IDR frente a UL: Los números que debe conocer

La ciencia nutricional utiliza dos indicadores clave para medir la seguridad, y confundirlos puede ser fatal:

  • Ingesta Diaria Recomendada (IDR/RDA): La cantidad óptima para mantener la salud según edad y sexo.

  • Nivel Máximo de Ingesta Tolerable (UL): El límite absoluto de seguridad. Superar esta cifra de forma continuada es entrar en terreno de toxicidad.

«Idealmente, los nutrientes deben provenir de la comida», explica la Dra. Denise Millstine, de la Clínica Mayo. «Si bien hay personas que necesitan suplementación por falta de acceso a alimentos frescos o por interacción de medicamentos, muchas otras están en riesgo de consumir cantidades excesivas sin saberlo».

Los riesgos específicos: de la Vitamina D al Omega-3

La nota de advertencia de los expertos se detiene en algunos de los suplementos más populares:

  • Vitamina D: Su toxicidad es real. El exceso puede derivar en náuseas, vómitos y, en casos extremos, insuficiencia renal, arritmias y muerte. La dosis estándar suele ser de 600 UI, mientras que el límite seguro se sitúa en las 4.000 UI diarias.

  • Multivitamínicos: Al contener decenas de componentes, es fácil duplicar dosis si se consumen otros suplementos. Los fumadores, por ejemplo, deben evitar el exceso de betacaroteno, vinculado a un mayor riesgo de cáncer de pulmón.

  • Omega-3: Aunque populares por la salud cardiovascular, dosis superiores a 5 g diarios aumentan el riesgo de sangrado y accidentes cerebrovasculares.

  • Vitamina A: Superar los 2.800 mcg durante el embarazo está directamente relacionado con el riesgo de defectos congénitos.

La consulta médica: una barrera necesaria

El Dr.

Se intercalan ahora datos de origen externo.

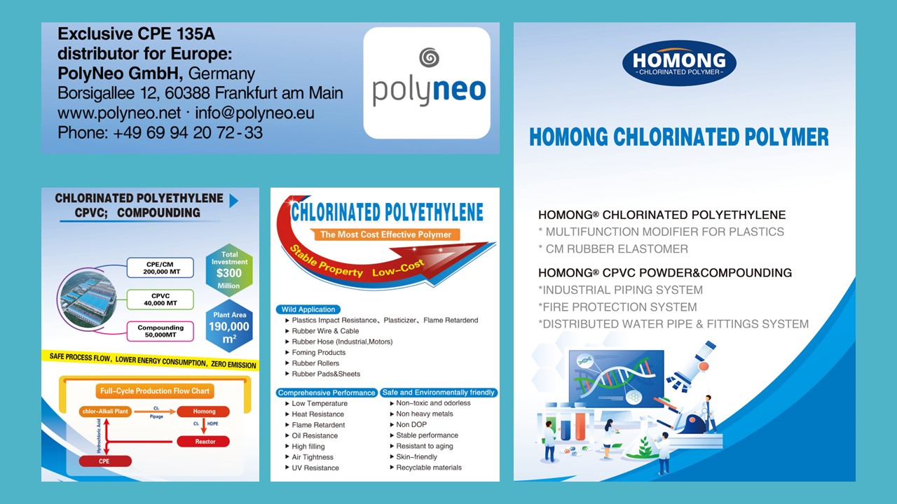„Zusammen mit unserem Partner, der chinesischen Homong Chlorinated Polymer Co., Ltd., haben wir uns einem breiten Fachpublikum aus aller Welt vorgestellt. Als exklusiver Vertriebspartner für Homongs CPE 135A auf dem europäischen Markt haben wir so persönlich jede Menge interessante Kontakte geknüpft. Dabei konnten wir viele europäische Kunden sowohl von der Effizienz von Homongs Produktionsanlagen als auch von dem logistischen Konzept der PolyNeo GmbH überzeugen.“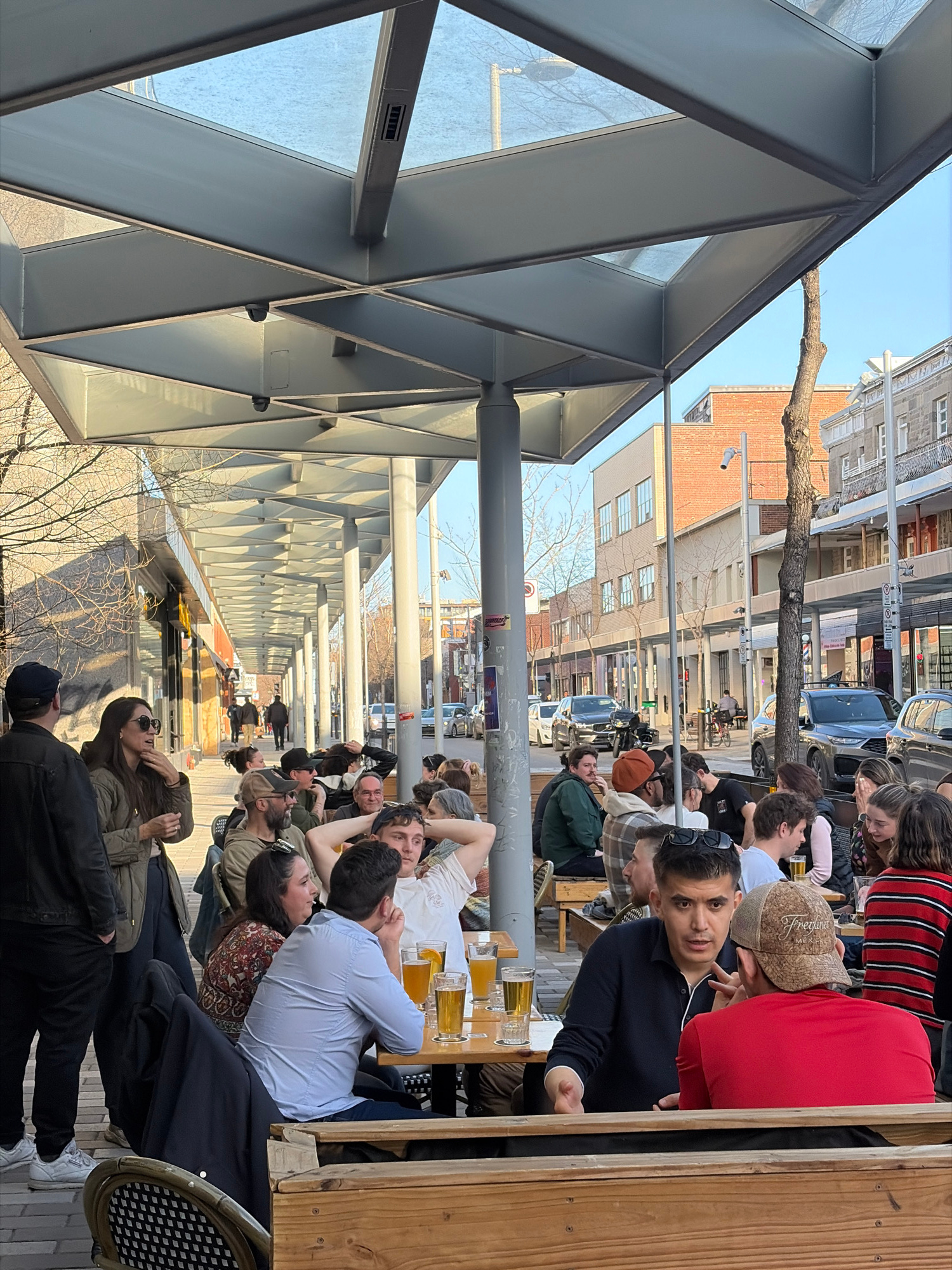 The image depicts a long outdoor patio in Montreal, Canada, filled with people seated at tables, enjoying food and drinks. The patio is covered by a modern metal and glass structure, creating a partia…read more

Fernando Carnavali, del Monte Sinaí, advierte que los pacientes suelen omitir el consumo de vitaminas en sus consultas porque las perciben como «naturales». Sin embargo, estos productos pueden alterar drásticamente la eficacia de medicamentos como los anticoagulantes o incluso falsear resultados en análisis de sangre.

La recomendación final de los expertos es clara: no se deje guiar por los consejos de quien vende el producto debido al conflicto de intereses. Antes de abrir un nuevo frasco, consulte a su médico, verifique la certificación de calidad y, sobre todo, no asuma que por no necesitar receta, no puede hacerle daño.